İki adam ve bir kadın vardı bu hikayede. Aynı kadını ayrı ayrı çok seven iki adam...Biri iyiliği kötülüğün karanlığında yitirip de kendini kaybedecek, diğeri kötülüğü iyiliğin aydınlığında yok edip kendini yeniden yaratacak kadar çok hem de...
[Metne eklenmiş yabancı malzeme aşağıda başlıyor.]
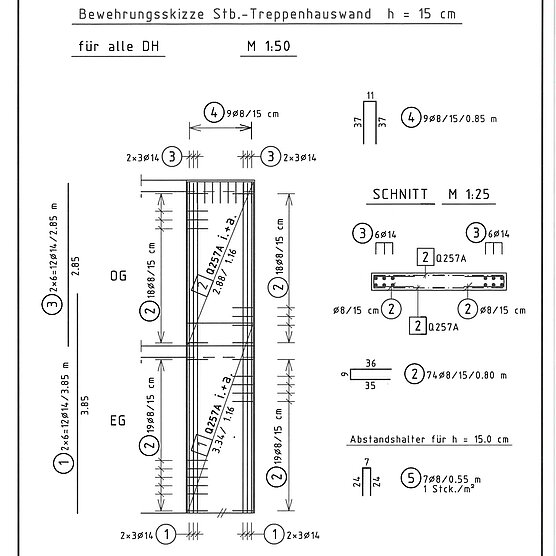 Für die Ausführung des Projekts auf der Baustelle fassen wir die statische Berechnung in Bewehrungsplänen oder -skizzen zusammen. Kommen Fertigteile - zum Beispiel Decken oer Wände - zum Einsatz, werden die Zeichnungen hierfür vom Hersteller zu uns gesandt und von uns auf Übereinstimmung mit der statischen Berechnung kontrolliert.
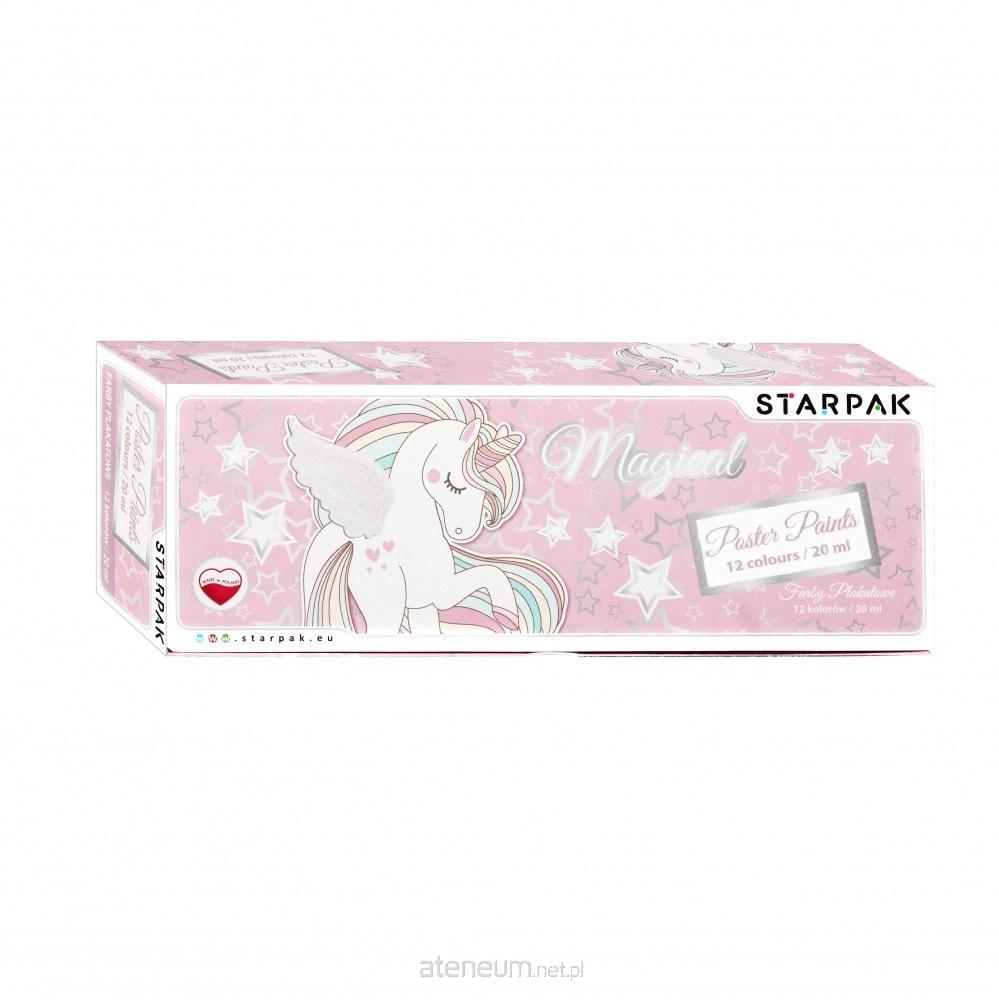 Farby plakatowe STARPAK to gęste farby wodne o kremowej konsystencji. Całkowicie bezpieczne dla dziecka dzięki użyciu bezpiecznych składników. Ten rodzaj farb charakteryzuje się intensywnymi i czystymi kolorami. Po wyschnięci kolory są matowe, ale nadal bardzo intensywne. Dodatkowo farby są kryjące, łatwo więc zamalować ewentualną pomyłkę lub niedociągnięcie
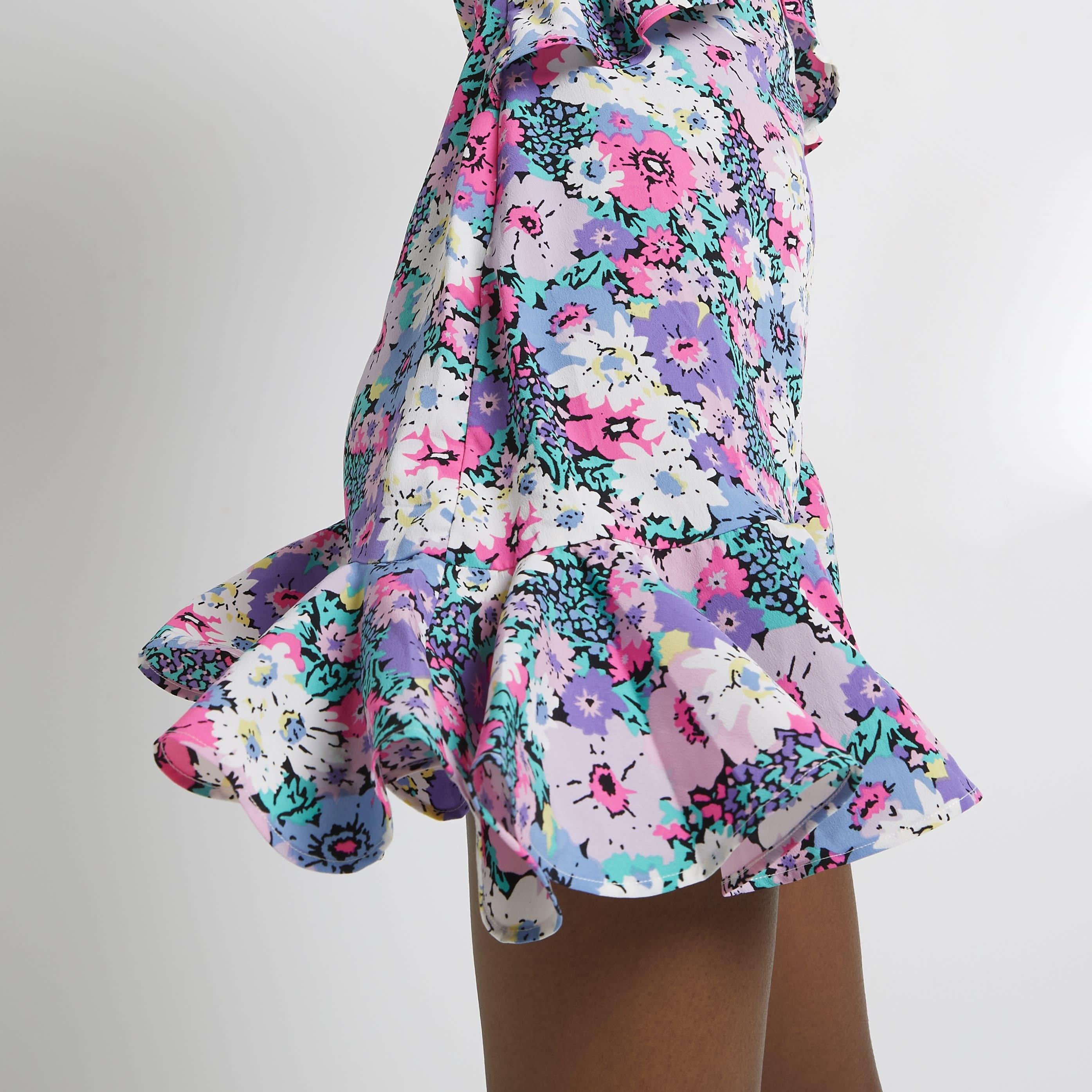 River Island Floral Frill Asymmetric Mini Dress In Pink Lyst Uk
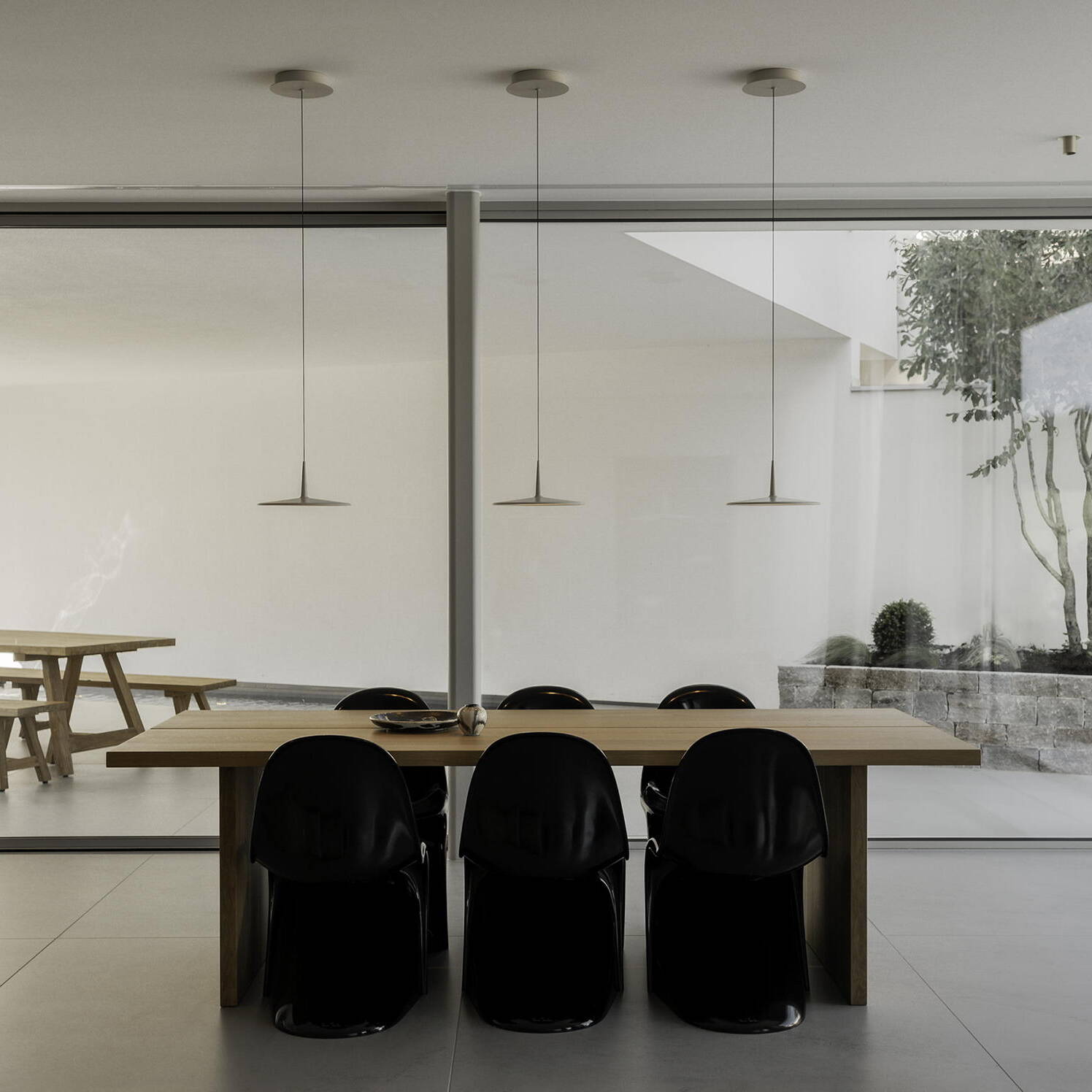 Expansive Dekton floor tiles blur the boundary between interior and exterior, creating seamless flow. "The sintered stone surface in Kovik's subtle grey-veined tone creates a stunning pairing with the natural wood dining table and kitchen cabinetry," explains designer Lilit Frick.
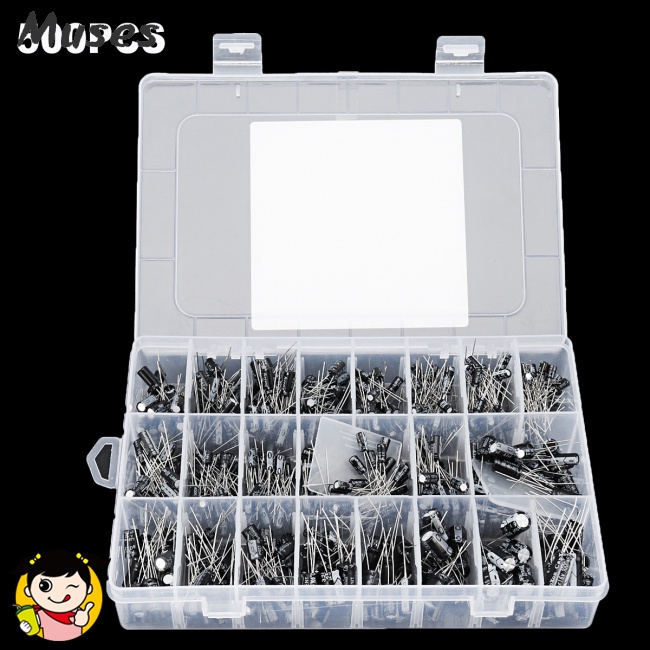 Chất liệu: Đây là 24 loại tụ điện phân 500 chiếc, chất liệu tuổi thọ cao. Phạm vi: Tụ điện điện phân 0,1uF đến 1000uF. Bảo quản tiện lợi: Hộp đẹp và chắc chắn giúp bạn sắp xếp tất cả các nắp. Hộp phân loại để dễ dàng truy cập: lưu trữ phân loại, tạo ra 24 loại thông số kỹ thuật của sản phẩm theo thứ tự. Dấu chung: Tất cả các tụ điện đều được đánh dấu bằng các giá trị số để dễ dàng tìm kiếm. Mô tả:
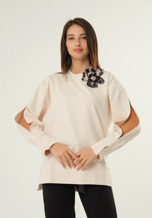 Felpa over in punto milano a maniche lunghe con polsino aperto, taglio asimmetrico con spacco laterale, scollo rotondo, spilla a fiore removibile

Bu hikayeye şahit olanlar bir kez daha anladı ki; sevgi her insanda aynı durmuyordu işte. Söylendiği gibi kalmıyor, aynı dilden yazılmıyor, yaşanmıyordu yüreklerde. İçindeki saygıyla, güvenle, hırsla, kıskançlıkla, iyi kötü ne varsa hepsiyle bir yoğrulup durarak ya eksilip eksiltiyor ya da çoğalıp çoğaltıyordu seni başka başka sevgilerde. Ya şekil değiştirip bir hastalık gibi zehrini her yere yayıyor ve çirkinleşiyor, ya da şifa dağıtıyordu umudu yenileyip, ışığını kaybetmişlere...Sevgi adının karşılığını biraz da kendini yaşayan ve yaşatan yüreklerden alıyordu.
Görsel: Deviantart
2 Yorumlar
teşekkürler. sevgiler...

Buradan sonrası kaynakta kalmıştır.